Margin of Error = t × (s / √n)

Where:

  • t = critical t-value from the t-distribution table
  • s = sample standard deviation
  • n = sample size

The confidence interval is then calculated as:

Confidence Interval = (x̄ - Margin of Error, x̄ + Margin of Error)

Where x̄ is the sample mean.

Example Calculation

Suppose you have a sample of 15 test scores with a mean of 72 and a standard deviation of 8. You want to calculate a 95% confidence interval for the population mean.

First, calculate the degrees of freedom: df = n - 1 = 14.

Next, find the critical t-value for a 95% confidence level and 14 degrees of freedom from the t-distribution table. This value is approximately 2.145.

Now calculate the margin of error:

Margin of Error = 2.145 × (8 / √15) ≈ 2.145 × 1.565 ≈ 3.50

The 95% confidence interval is then:

(72 - 3.50, 72 + 3.50) = (68.50, 75.50)

This means we are 95% confident that the true population mean test score falls between 68.50 and 75.50.

Interpreting Results

When interpreting the margin of error and confidence interval:

  • Smaller margins of error indicate more precise estimates
  • Larger sample sizes generally result in smaller margins of error
  • A 95% confidence interval means there's a 95% probability that the interval contains the true population parameter
  • Always consider the context when interpreting results

Note: The t-distribution is most appropriate when the sample size is small and the population standard deviation is unknown.

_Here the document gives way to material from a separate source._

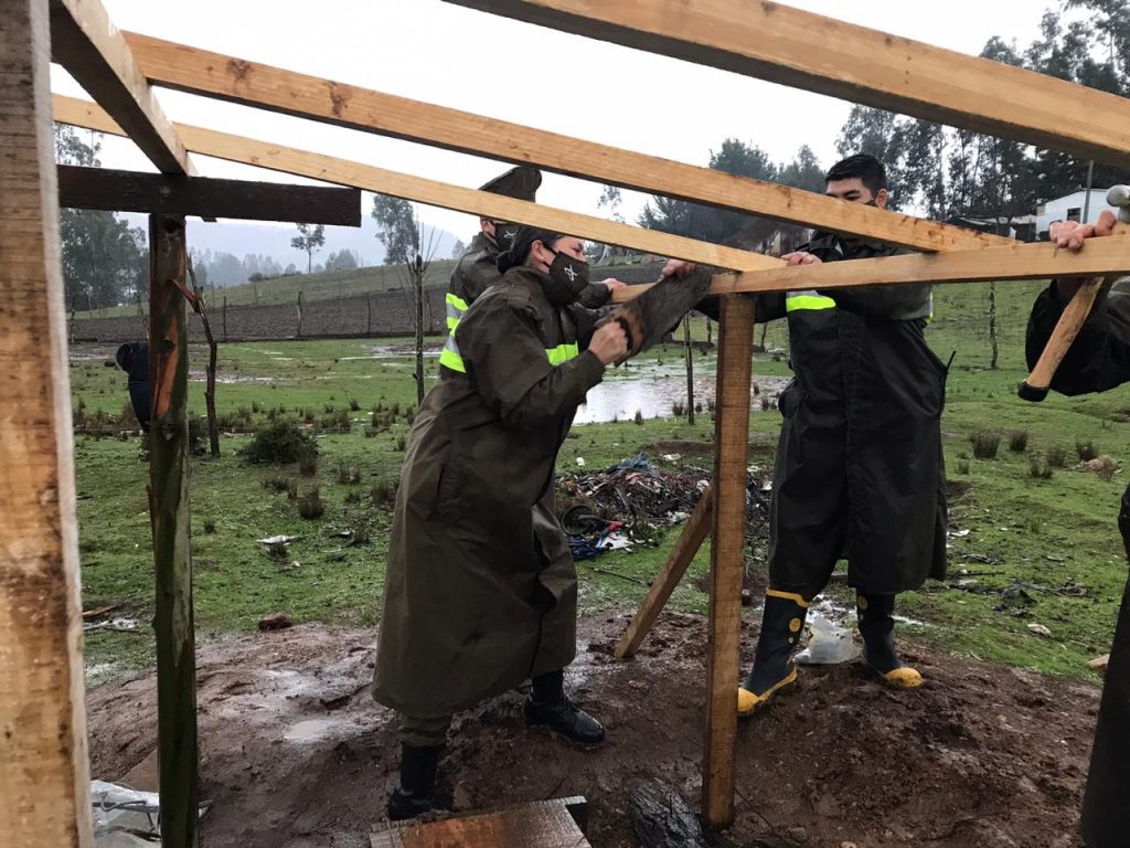 También, en las últimas horas se conoció el caso de una madre y su hijo que viven en precarias condiciones el sector Chomio de Padre Las Casas, quienes recibieron la ayuda de Carabineros de la 3a. Comisaría con martillo y serrucho en mano, para trabajar hasta que cayó la noche en mejorar las condiciones de habitabilidad de esta familia, particularmente los espacios más afectados por el clima adverso.

For larger samples (n ≥ 30), the normal distribution (z-distribution) is often used instead.

FAQ

When should I use the t-distribution instead of the normal distribution?
Use the t-distribution when your sample size is small (typically n < 30) and you don't know the population standard deviation. For larger samples, the normal distribution is more appropriate.
What does a 95% confidence level mean?
A 95% confidence level means that if you were to take 100 different samples and calculate 95% confidence intervals for each, you would expect approximately 95 of those intervals to contain the true population parameter.
How does sample size affect the margin of error?
Larger sample sizes generally result in smaller margins of error because they provide more information about the population. The margin of error decreases as the square root of the sample size increases.
What if my sample size is very small?
With very small sample sizes (n < 5), the t-distribution may not be appropriate, and other methods like Bayesian statistics might be more suitable. Always consider the appropriateness of your statistical method based on your sample size.
Can I use this calculator for proportions instead of means?
This calculator is specifically designed for calculating margins of error for means using the t-distribution. For proportions, you would use a different formula involving the standard error of the proportion and the appropriate critical value from the normal distribution.